In Fated you play the part of a Norseman on the verge of death. As the veil separating the worlds of flesh and spirit thins, you meet a Valkyrie. She explains that you have reached the end of your thread of life. Normally, you would just pass on. But the Valkyrie are very interested in your daughter whom they think is truly amazing. Unfortunately, she will not survive unless you are there to protect her. So she offers you a deal…

The Valkyrie will give you a new thread of life so that you can protect your daughter. There is just one little catch. This deal will oppose both the Fates and the will of the Gods. So to guarantee that you don’t say a word on Earth where Odin sees all and hears all, they will take your voice. You will live, but you will be mute.

Remember, you have only one job to do.

The graphics are done in a style I call Dreamscape. This is the style used by American Mcgee’s Alice, Ether One, and Nevermind. It is a little surreal, but this is appropriate as reality might be all in your head.

The VR is comfortable and puts you right in the middle of the game, just as it should. Your ride in the cart is impressive, but your meeting with the Valkyrie in the vastness of space is spectacular. There are battles in the game, but you are never attacked directly, so there is no risk of VR-induced trauma.

The game starts off a little slowly with the first two chapters devoted to setting up the story and getting you comfortable with the game mechanics (you may not be able to talk, but you can shake your head “yes” or “no”). But the third chapter makes up for it with a wild wagon ride to escape a rampaging frost giant. Yes, there are a couple of action scenes, but nothing the average gamer shouldn’t be able to handle. After that, the game settles down to classic exploration and puzzle-solving.

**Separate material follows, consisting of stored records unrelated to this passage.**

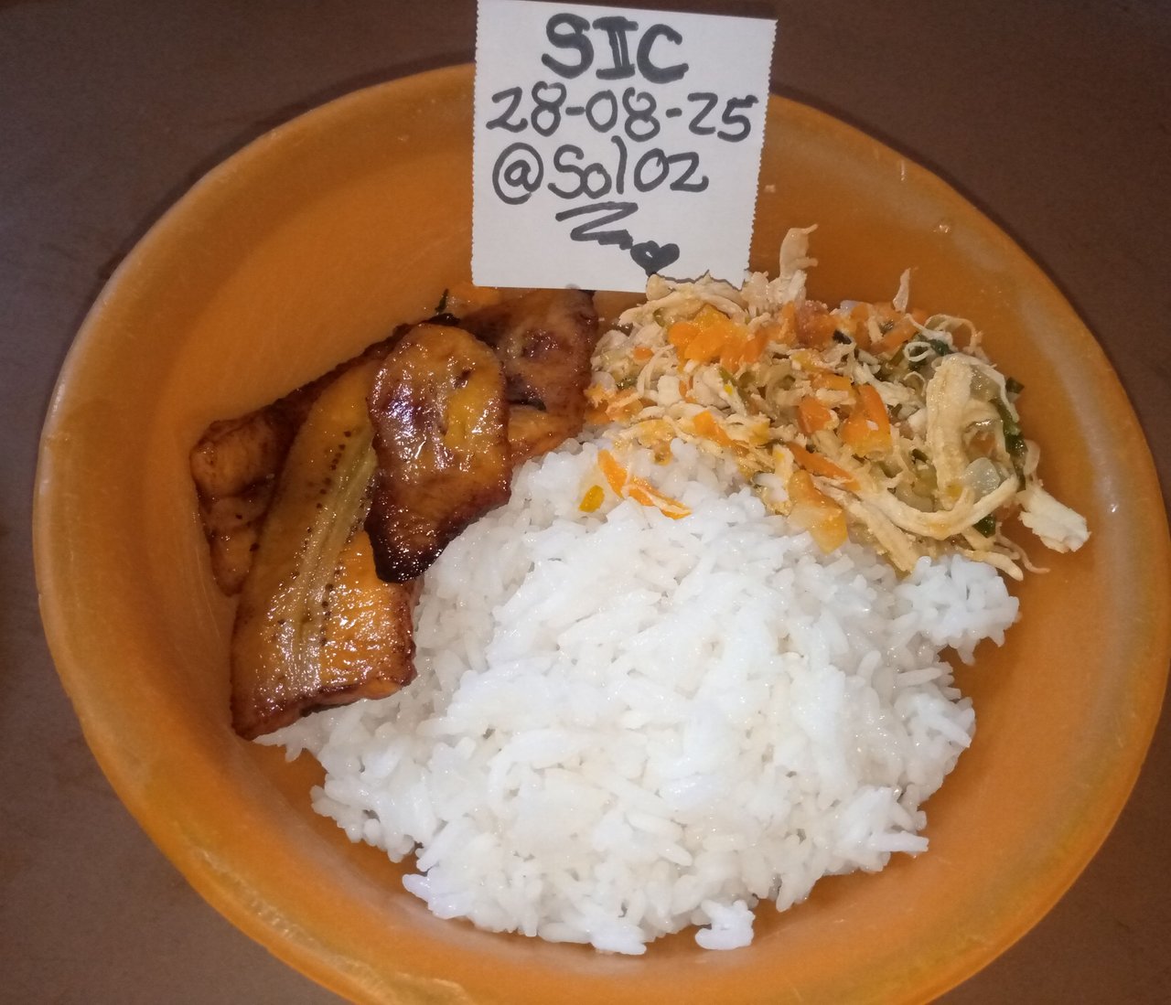 Ya pasado medio día almorzamos arroz blanco, con pechuga desmenuzada bien aliñada con cebolla, zanahoria rallada, cilantro, ají, cebollín, ajo, con nuestro contorno favorito tajadas de plátano maduro.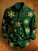 Retro juletræ- og snefnugprintet casual skjorte med lange ærmer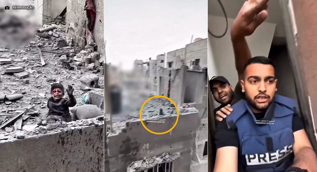 A chama atenção, uma vez que a equipe de reportagem que captou as imagens estava, em uma janela ao que tudo indica em um vão de escadaria de um prédio vizinho, e a criança, na cobertura do prédio vizinho, ao que se pode observar de no mínimo três andares e totalmente destruído.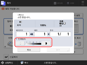 슬라이더를 좌우로 움직여 농도 설정을 변경할 수 있습니다.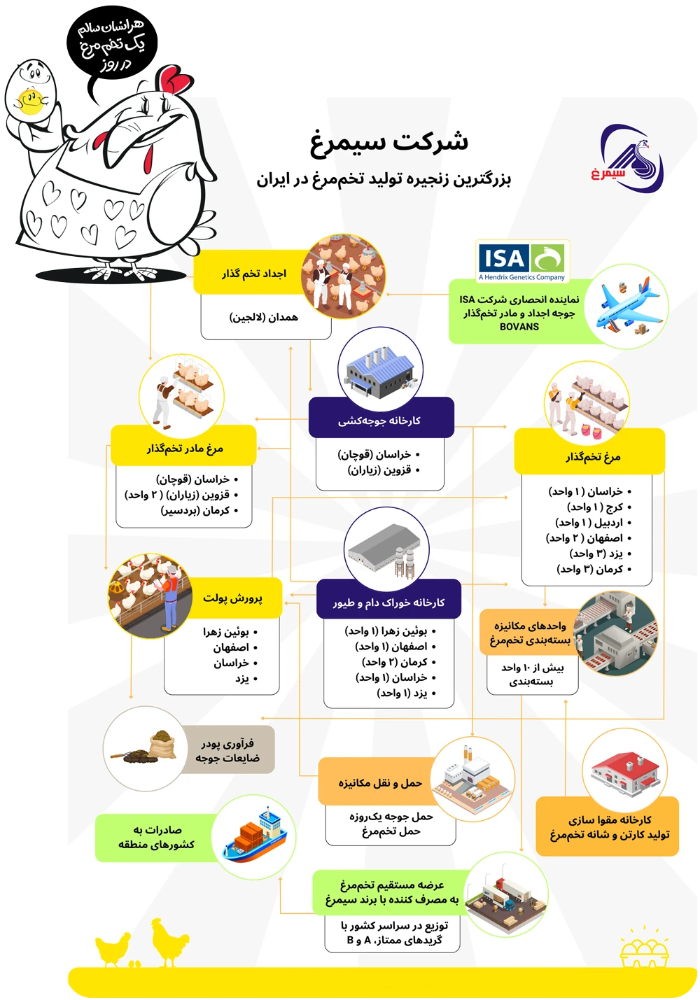 شرکت سیمرغ بزرگترین مجتمع طیور در خاورمیانه با قدمتی بیش از نیم قرن، دارای اولین و بزرگترین زنجیره تولید تخم مرغ در ایران میباشد. مجموعه سیمرغ مفتخر است اعلام نماید به عنوان نماینده انحصاری شرکت ایزا (نژاد مرغ اجداد و مـرغ مـادر تـخمگذار بونـز سفید) در ایـران و منطقه فعالیـت مـیکند.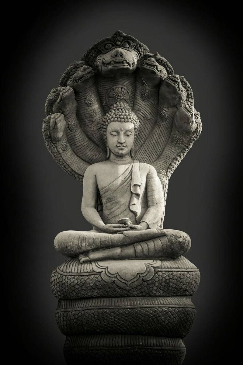 Однажды достигший просветления Будда пребывал в глубокой медитации на природе, сидя в низине под деревом Бодхи, начался сильный дождь и разразилась буря. Низина стала наполняться водой, а река выходить из берегов, но даже это не нарушило покоя медитации Будды. Мучалинда, увидевший как Будда начинает погружаться под воду, спас его, свившись кольцами и раскрыв свой большой капюшон, защитил голову просветленного от бури. 7 дней змей оберегал Будду от проливного дождя. Учеником Мучалинда так и не стал, но о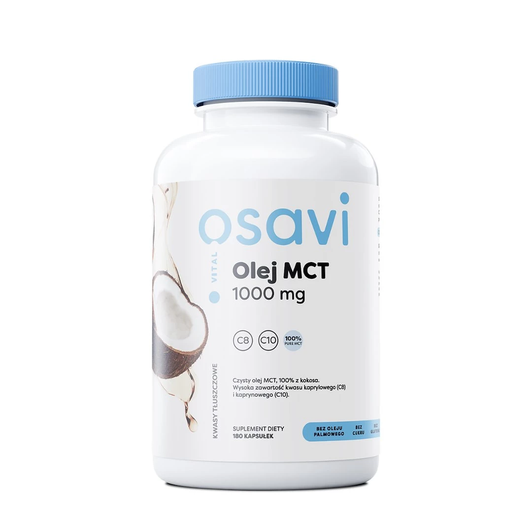 - OSAVI Olej MCT to naturalny, czysty produkt, który zawiera olej MCT, pochodzący w 100% z oleju owocu palmy kokosowej Cocos nucifera. Odznacza się on wysoką zawartością kwasu kaprylowego (C8) i kwasu kaprynowego (C10)

The puzzles are all straightforward and easy to medium in difficulty. I was able to get through them without a walkthrough. There is no inventory.

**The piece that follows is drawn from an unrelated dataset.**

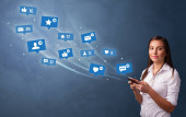 Pretty młoda dziewczyna trzyma telefon z ikonami mediów społecznościowych

Some people will criticize the game because it does not conform to Western expectations of how story and acting should be done. But I was impressed with how the developers were able to capture the spirit of a saga. Remember, the Norse are the people who brought us Ragnarok, and nobody survives Ragnarok.

There was a humorous glitch in the game where I had saved right after the meeting with the Valkyrie (you can save anywhere). When I restarted the game I was pinned in space and the wagon went on leaving me dangling in midair. The game appeared to continue somewhere down the road without me. A restart cleared that bug and the game continued flawlessly.

The bottom line is that Fated is a visual feast and very dramatic. You feel you are taking part in something truly Wagnerian. And while it may not be exceptional (a little more actual game play in the beginning would have helped) or groundbreaking, it is thoroughly professional and a lot of fun. That earns it a final grade of “B.”

Authentic saga feel
Atmospheric graphics
Fair challenges
+/- Sagas do not follow the rules of Western literature
– Starts off slowly 
– Has the occasional glitch

System Requirements
MINIMUM Windows:
OS: Windows 7 SP1 or newer 64-bit
Processor: Intel i5-4590 equivalent or greater
Memory: 8 GB RAM
Graphics: NVIDIA GTX 970 / AMD 290 equivalent or greater
Storage: 6 GB available space
Additional Notes: 3x USB 3.0 ports, Compatible HDMI 1.3 video output
Note: Requires Oculus Rift, HTC Vive or PlayStation VR; also requires a gamepad

Bob Washburne

Bob Washburne

I have been playing adventure games since 1979 when I played "Adventure" on the DEC PDP minicomputer at work. The first adventure game I ever purchased was "Zork 1" for CP/M. I can remember the introduction of the IBM PC. I remember the invention of the microcomputer (actually, it was discovered rather than invented). I remember the invention of the minicomputer. Yes, I am an old fart. I have written 80 reviews and articles for JustAdventure starting with my review of "Bioscopia" in February of 2004. I currently own more adventure games than I will ever be able to play, let alone review. And I want more!